Pour la première fois, les déboulonneurs parisiens sont chahutés dans leur routine judiciaire par l’arrivée d’un nouveau sujet : le prélèvement ADN, que tous les six ont refusé lors de leur garde à vue de 20h en 2009. « Je n’ai pas compris pourquoi on m’a demandé mon ADN alors que j’ai mis quelques graines de peinture sur un panneau. J’ai l’impression d’être dans de la science-fiction. Je ne donnerai ma salive que dans un échange intime« , s’exclame Pascal Loeb, un des accusés.
Des prélèvements ADN peuvent être effectués lors de certaines gardes à vue et ensuite conservés dans le FNAEG (Fichier national automatisé des empreintes génétiques) dans le but de pouvoir, par la suite, confondre des criminels. Mais, selon la généticienne Catherine Bourgain, témoin dans le procès, dans la mesure où dix-huit segments génétiques sont désormais prélevés au lieu de sept, le FNAEG conserve des informations de plus en plus sensibles sur les personnes, qui permettent notamment de connaître leurs origines et leurs pathologies. Des informations trop importantes, selon elle, pour être toutes conservées dans un même fichier, qui pourrait un jour être piraté.
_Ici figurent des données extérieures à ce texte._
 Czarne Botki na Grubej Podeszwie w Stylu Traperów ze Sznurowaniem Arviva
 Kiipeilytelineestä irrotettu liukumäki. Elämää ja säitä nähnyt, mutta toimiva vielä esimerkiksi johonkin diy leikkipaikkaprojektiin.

Des déboulonneurs à Martin Luther King
Le procès se conclut sur une plaidoirie grandiloquente de Me Bourdon, l’avocat des déboulonneurs, qui n’hésite pas à dresser un parallèle, très hasardeux, entre les activistes et Martin Luther King. Dur dur de mettre sur le même plan la lutte contre la publicité et le combat des Noirs pour l’égalité des droits… L’avocat déclare également que « la publicité est un instrument mortifère pour nos sociétés. Il porte la mort au nom de l’argent » (grandiloquent, on vous dit). Et termine : « Je pense que l’avenir leur donnera raison (…) ce sont des esprits libres qui ont le souci de l’équilibre dans leur démarche, qui ont attiré autant de justes à veiller sur leur sort« . (Me Bourdon s’était appliqué, précédemment, à citer tous ces « justes », de Michel Serres à Edgar Morin)
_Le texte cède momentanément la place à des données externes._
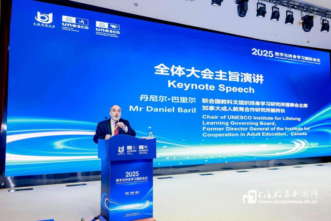 联合国教科文组织终身学习研究所理事会主席,加拿大成人教育合作研究所前所长丹尼尔·巴里尔,就“生成式人工智能时代教育权的持续演进”这一主题发表演讲。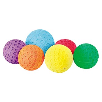 6 st/fp. Bollar som har ett fantastiskt grepp och ändå känns relativt mjuka. Bollarna studsar mycket bra. 6 bollar i olika färger. ø 10 cm. Från 3 år. Av PVC, utan förbjudna ftalater.

Sa plaidoirie finie, Yvan Gradis, bavasseur et comique en chef qui avait glissé une première fois qu’il accepterait bien volontiers la légion d’honneur si on la lui proposait, reprend la parole pour rappeler, l’air de rien, qu’il a bu un café il y a quelques années avec Christiane Taubira, et proposer à la présidente du tribunal d’en boire un avec lui dans quelques années, pour reparler de toute cette affaire. L’assistance se marre. La présidente sourit. L’affaire est entendue.
Le verdict sera rendu le 18 mars. La procureure a requis une amende de 200 euros, et une amende de 200 euros avec sursis pour ceux qui n’ont pas de casier judiciaire, ainsi que la relaxe concernant le refus de prélèvement d’ADN.